▶ **What you will do**: Could you copy exactly the lines below from the one with "Почти ровная прямая" to the one with "Met natuurlijke materialen", inclusive, leaving out any pictures?
#### Material to process
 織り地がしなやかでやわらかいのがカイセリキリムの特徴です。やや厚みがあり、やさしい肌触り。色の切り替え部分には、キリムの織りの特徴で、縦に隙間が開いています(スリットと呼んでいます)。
########
#### Material to process
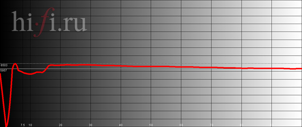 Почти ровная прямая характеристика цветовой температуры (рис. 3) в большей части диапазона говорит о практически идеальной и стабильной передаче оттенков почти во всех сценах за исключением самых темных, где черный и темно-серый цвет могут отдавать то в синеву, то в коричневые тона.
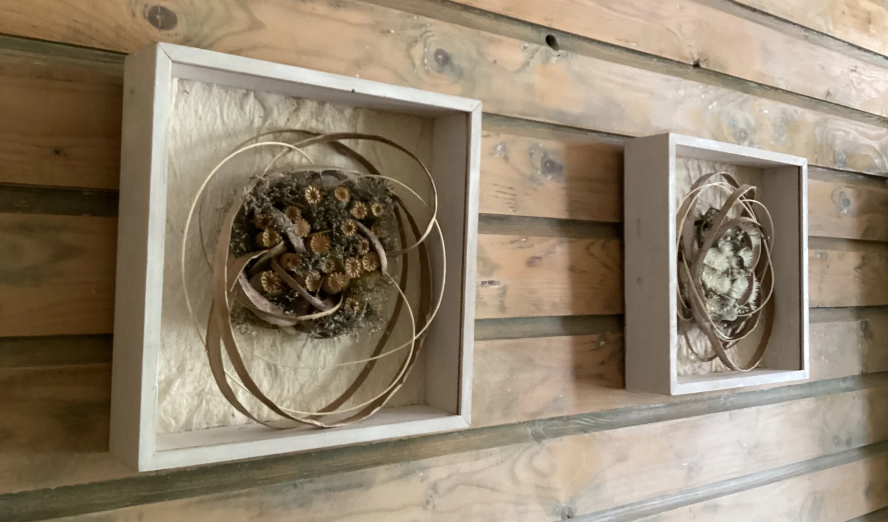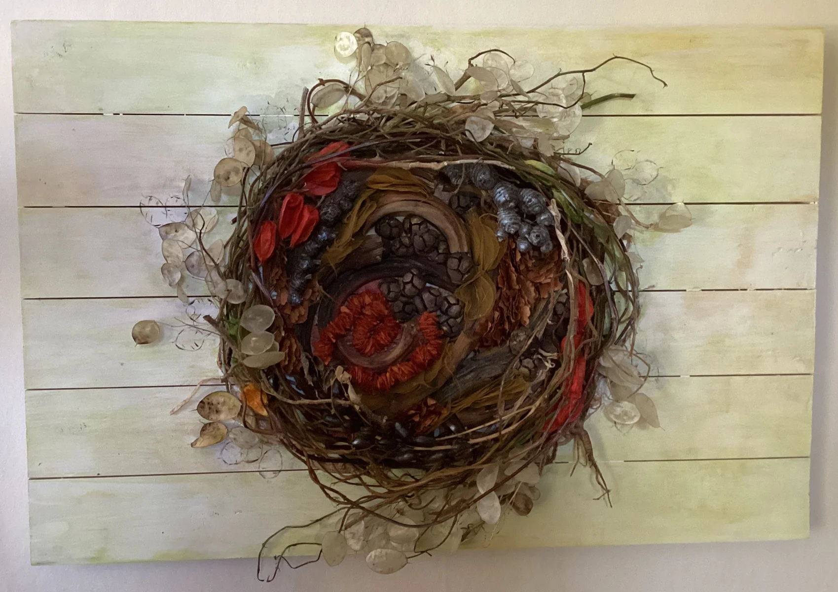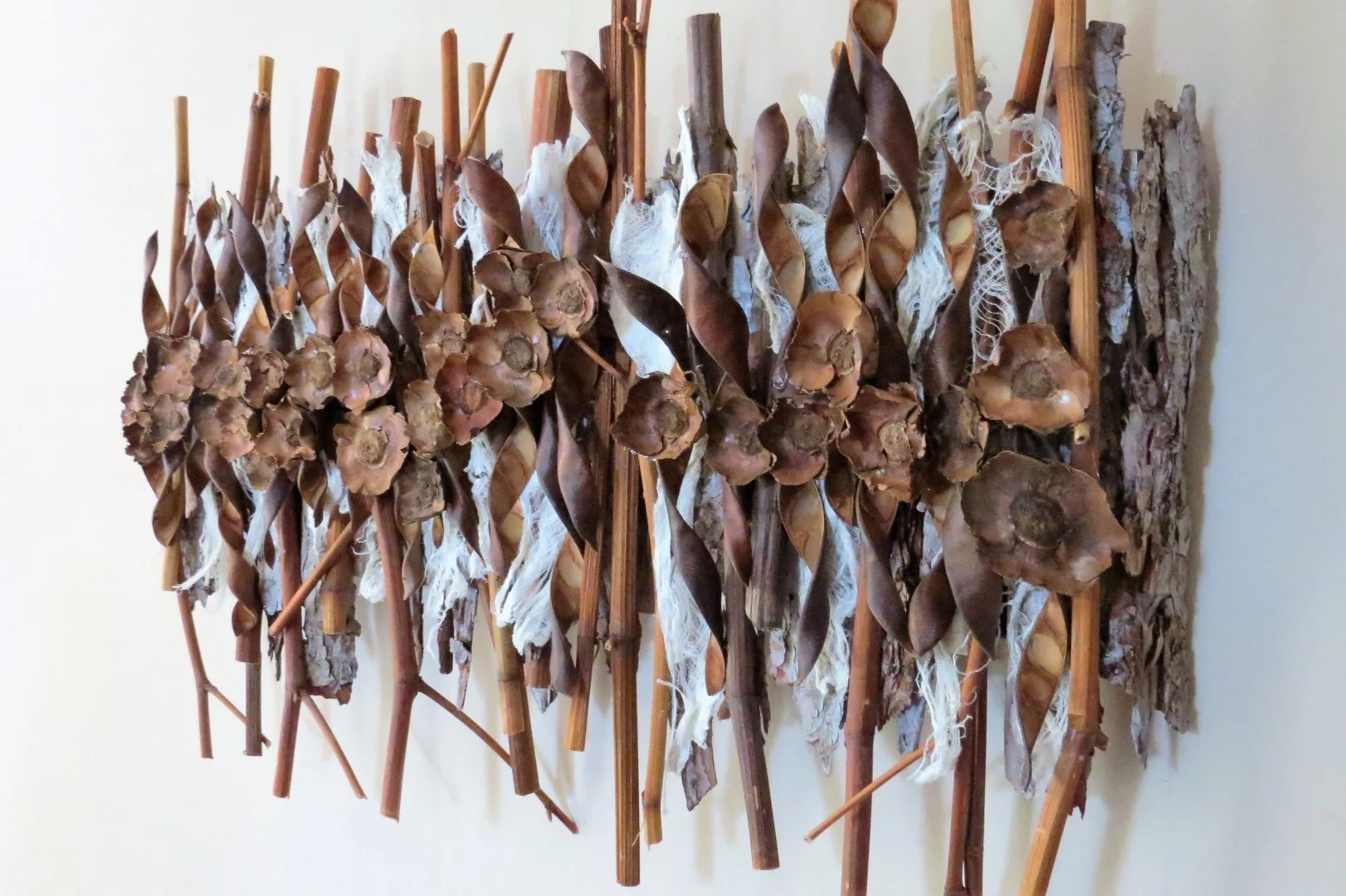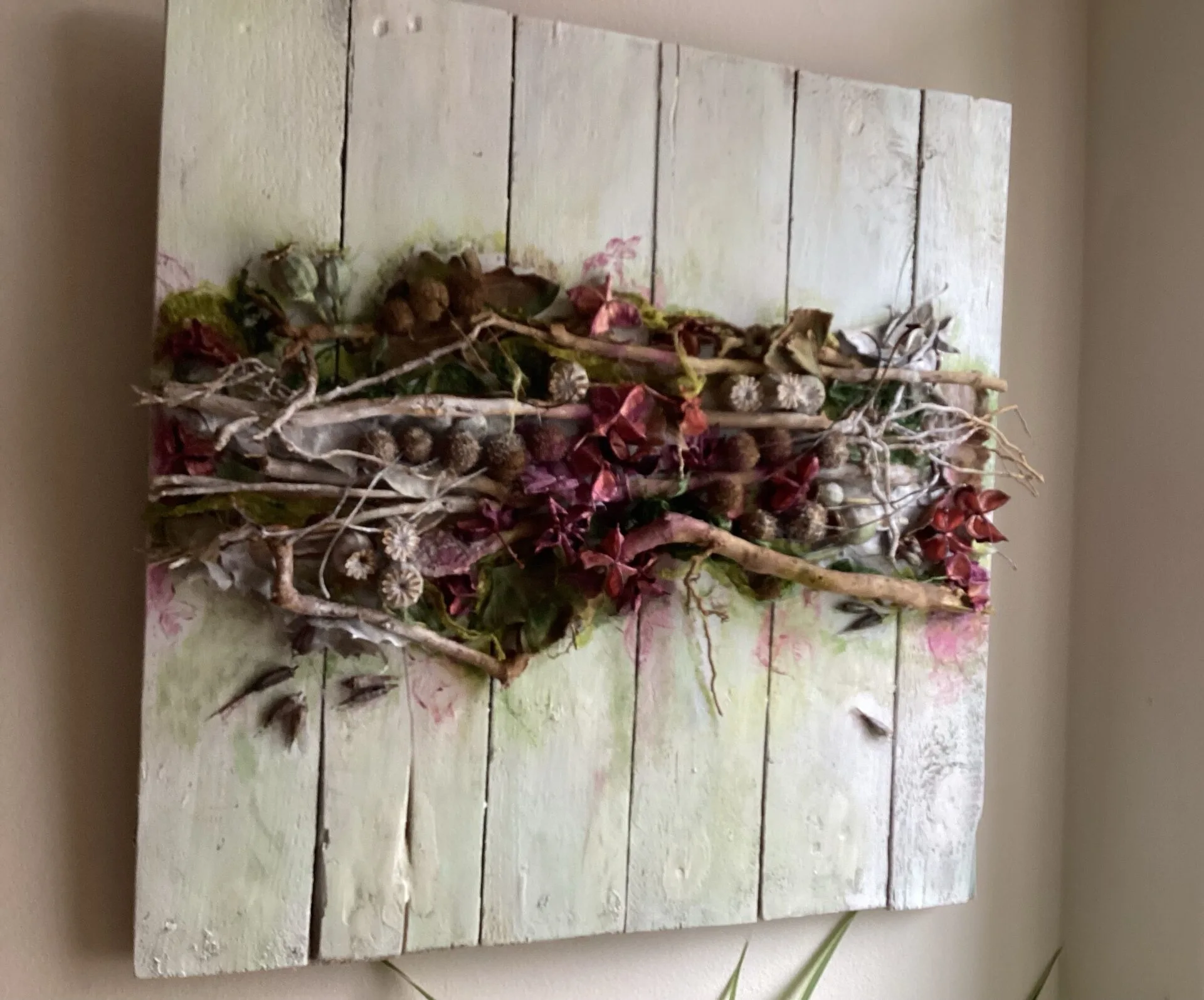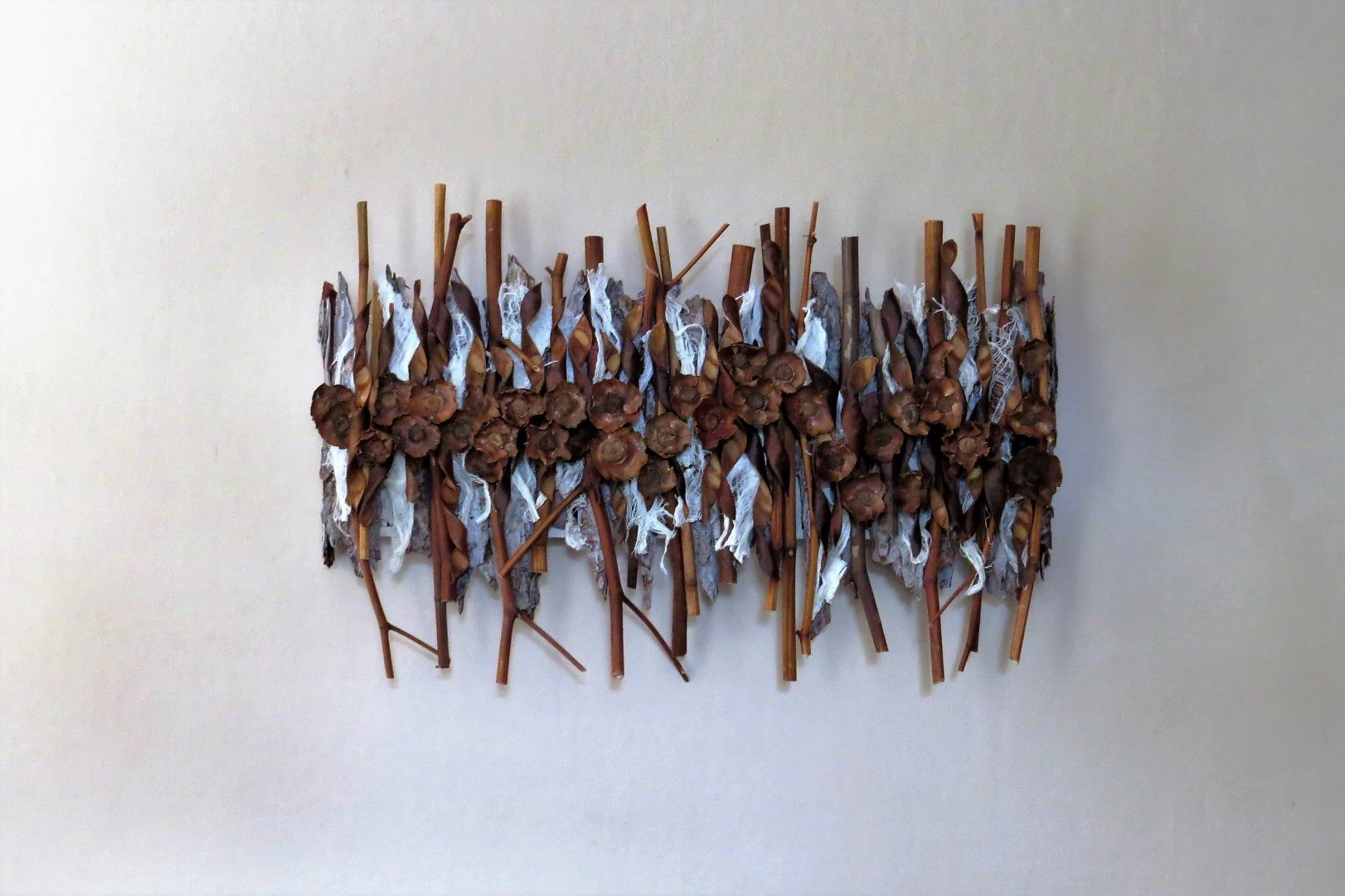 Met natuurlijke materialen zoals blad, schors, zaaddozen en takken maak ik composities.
########
▶ **Result below**:
 Почти ровная прямая характеристика цветовой температуры (рис. 3) в большей части диапазона говорит о практически идеальной и стабильной передаче оттенков почти во всех сценах за исключением самых темных, где черный и темно-серый цвет могут отдавать то в синеву, то в коричневые тона.
 Met natuurlijke materialen zoals blad, schors, zaaddozen en takken maak ik composities.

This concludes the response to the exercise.